“飛哥,到清河了。”彪子搖醒身旁睡了一路的秦飛,“再有半個小時,就到地方了。”
“嗯,好。”秦飛迷迷糊糊睜開眼,撐著坐直,抬手看了一眼時間,已經下午一點半了。
飛機落地西京之后,他們馬不停蹄坐上了車,中間只停了一次上個廁所,朝著清河狂奔。
“飛哥,我已經給嫂子打過電話了,說我們兩點左右到。”彪子接著說,“嫂子讓我們別著急...”
“給雯雯打個電話。”秦飛說,“我有事問她。”
“哦哦,好。”彪子連忙從兜里掏出手機,撥通了號碼,遞給秦飛。
電話里嘟嘟的聲音傳來,響了好幾聲才通。
“雯雯...”秦飛剛一開口,就聽到了那頭很吵,吵的像是菜市場。
“你還我男人命來啊.......”
“你老公是殺人犯,殺死了我爸......”
雖然很吵,但秦飛還是聽清了幾句,女的在嚎,男的在喊,亂成了一團。
“秦飛,是你嗎?”宋雯雯走到了一個安靜點的地方喊著說話。
“師傅,麻煩開快點。”秦飛催促了一下司機,接著對電話里說,“雯雯,出什么事了,你那邊怎么這么吵?”
“秦飛,我剛要給你打電話呢,你暫時別過來,先去我們房子那待著。”宋雯雯說,“這邊來人鬧事了,亂的很,你先回去休息,我晚上回家找你,跟你慢慢說。”
“行,我知道了。”秦飛說。
“我先掛了啊。”宋雯雯聽到秦飛答應,立刻掛掉了電話。
“飛哥,出啥事了?”彪子問。
“有人鬧事,應該是那個被撞死的人家屬。”秦飛說。
“我去,哪有在人家辦后事的時候來鬧事的,為了錢一點臉都不要了!”彪子很是氣憤,“飛哥,這種人我見多了,就是想訛人,交給我,等會我給他們轟走!”
“行了,真要是能哄走,老雷他們不會轟嗎?”秦飛沉沉說,再次催促司機,“師傅,再快點。”
大約二十分鐘后,秦飛他們趕到了孫胖子家,一下車就看到了院門口打著的白幡,門外圍滿了人,還停著兩輛警車。
“師傅,辛苦了。”秦飛想掏錢,這才反應過來,自已下了飛機就趕路,身上根本沒錢。
“不用,秦先生,娜娜那邊給過了。”司機是個和藹的中年人,他看了一眼正在辦喪事的人家,“您快去忙吧,我就先回去了。”
“師傅,麻煩了,回頭再好好感謝您。”秦飛最后打了聲招呼,拔腿狂奔。
彪子趕在秦飛前面,推開擁擠的人群,給秦飛開路,好不容易才擠到院內。
一進大門,院里就擺著一口棺材,一個女人帶著一個十七八歲的男孩跪在旁邊,披麻戴孝燒著紙錢,女人嘴里在喊什么還我男人,男孩手里抓著一把菜刀,眼神如刀,緊緊護著女人。

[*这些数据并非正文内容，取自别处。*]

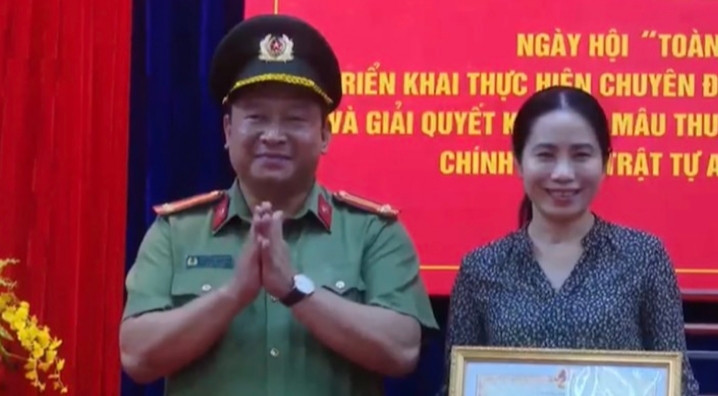 Được sự ủy quyền của lãnh đạo cấp trên, Trung tá Nguyễn Ngọc Huy - Phó Bí thư Đảng ủy, Phó trưởng CAQ, Phó trưởng BCĐ 138 quận Hai Bà Trưng trao Bằng khen của Bộ Công an cho cán bộ, nhân dân phường Vĩnh Tuy trong công tác xây dựng phong trào

四五個警察站在一旁,正在和老雷還有老許他們幾個人溝通著什么,沒看到宋雯雯和楊月的身影。
“秦飛!”雷寶第一個發現了秦飛,他小跑著來到秦飛跟前,把他拉到墻邊,“小宋沒給你打電話說讓你別回來?你趕緊回去休息,這里沒啥大事,我們正解決著呢。”
“到底怎么一回事?”秦飛指著跪在那兒的母子二人,“他們是那個被胖子撞死的人的家屬?”
“嗯。”雷寶點了點頭,“死的那個人叫王德發,本來就是要跳江自殺的,結果就這么寸...而且這女的已經跟別的男的跑了的,聽到消息立馬就趕回來了,帶著兒子跑這兒來訛錢,那兒子也不是她跟王德發親生的,后面那大娘,是王德發的媽,但媽是親媽,爸不是親爸,他爸才死沒多久,是知道兒子不是親生的給氣死的...”
“都什么亂七八糟的?”秦飛聽的眉頭越皺越深,老話講家家有本難念的經,這個叫王德發的家里怎么有一圖書館,還是特么這么難念的經。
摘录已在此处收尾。